If the procedure was in place already, Poland and Hungary would fall under it, said Vera Jourova, the EU’s Commissioner for Justice. “European taxpayers’ money cannot be used in a member state that doesn’t respect the rule of law,” she said. But Oettinger was careful to tie the new mechanism very closely to disbursements, stressing that an impartial judiciary was needed in case of dispute.
Surprisingly Moderate
The Polish government, which has recently tried to de-escalate its conflicts with Brussels, reacted surprisingly moderately. European Affairs Minister Konrad Szymanski called the proposal “non-confrontational.” However, he also emphasized that the allegations against the Polish justice system were unfounded.
The German government, in turn, is pleased by the new mechanism, which will make it a little bit easier to explain the new budget to its own public. Germany is being asked to contribute up to EUR 12bn extra a year to Brussels, increasing the German contribution by around a third.
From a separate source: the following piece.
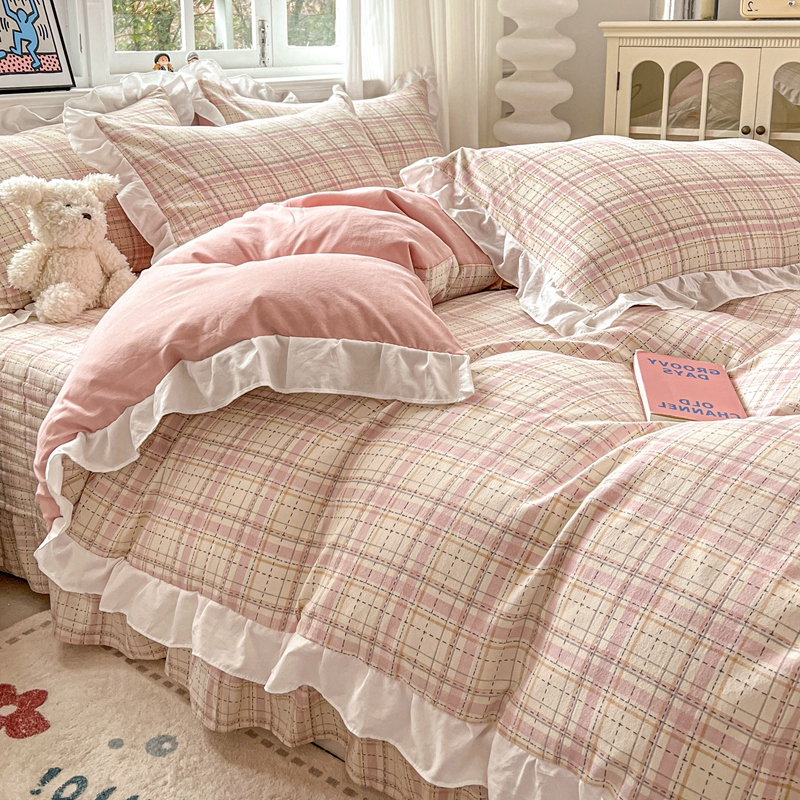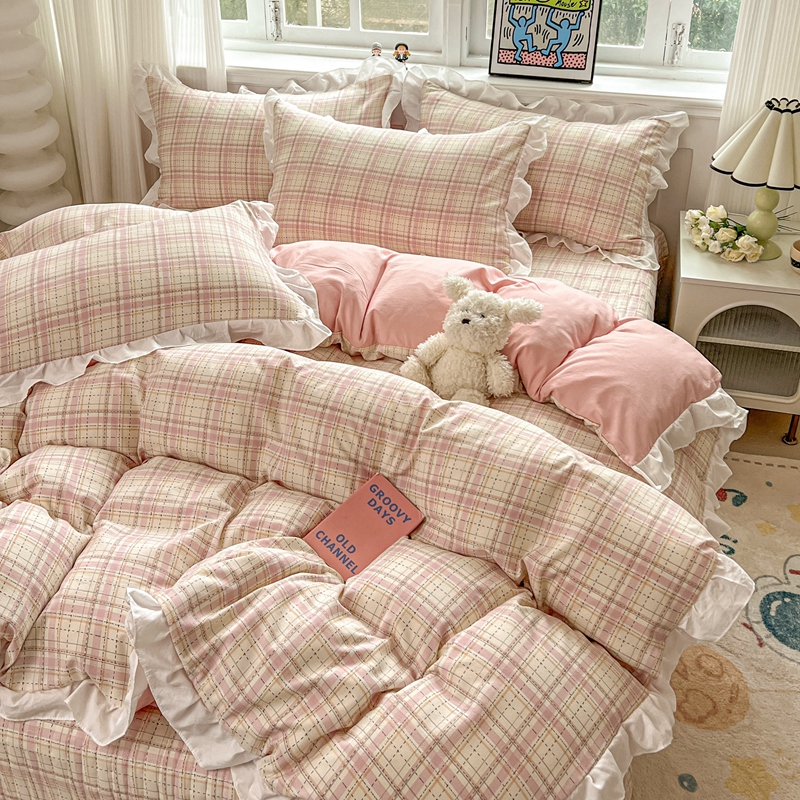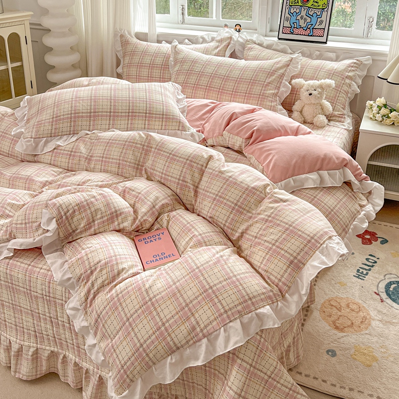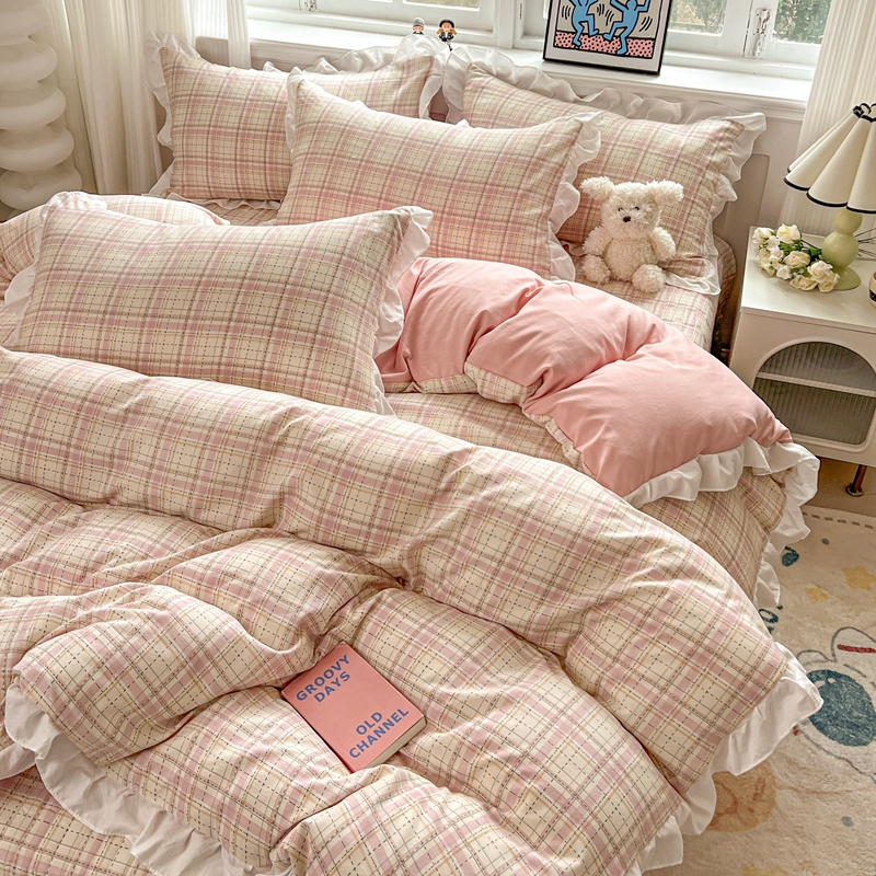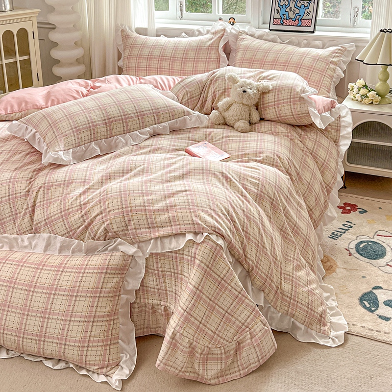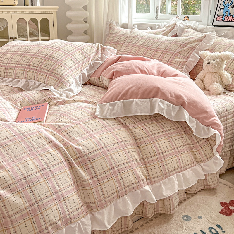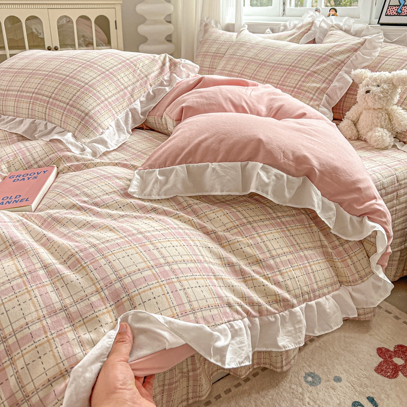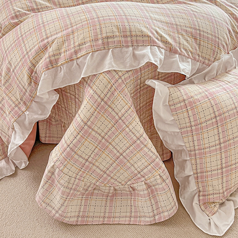当前位置: 91家纺网 > 商品网购 > 床品套件 > 四件套 > 双层纱四件套 > 麦朵家居2025新款双层纱针织棉床盖款四件套 粉格子

In principle, Chancellor Angela Merkel’s government is willing to pay more for the EU. According to a poll conducted by Forsa on behalf of Internationale Politik, the German-language magazine of the German Council on Foreign Relations, a majority of Germans support that stance.
But Merkel, too, must be careful not to give ground to euroskeptics. The Alternative for Germany is certain to seize on the size of Germany’s contribution, as are many of the conservatives within her own bloc. “We are willing to fulfill our responsibilities for strengthening the EU, but this also requires a fair burden-sharing of all member states,” German Foreign Minister Heiko Maas and Finance Minister Olaf Scholz said in a joint statement.
Berlin hopes, the two ministers added, that the new budget outline can be agreed very quickly. This is what Juncker wants, too: he would like to see a deal sealed within the next twelve months, just before the next elections to the European Parliament. Otherwise, a new Commission and a new Parliament will be saddled with the issue, leading to much longer delays.
Yet an agreement within a year is highly unlikely. The last budget package, which was far less difficult, took more than two years. And everybody knows that the EU’s biggest contributor—Germany—will hold the rotating EU presidency in the second half of 2020. Countries will be tempted to delay agreement until then to get Berlin to sweeten the final deal.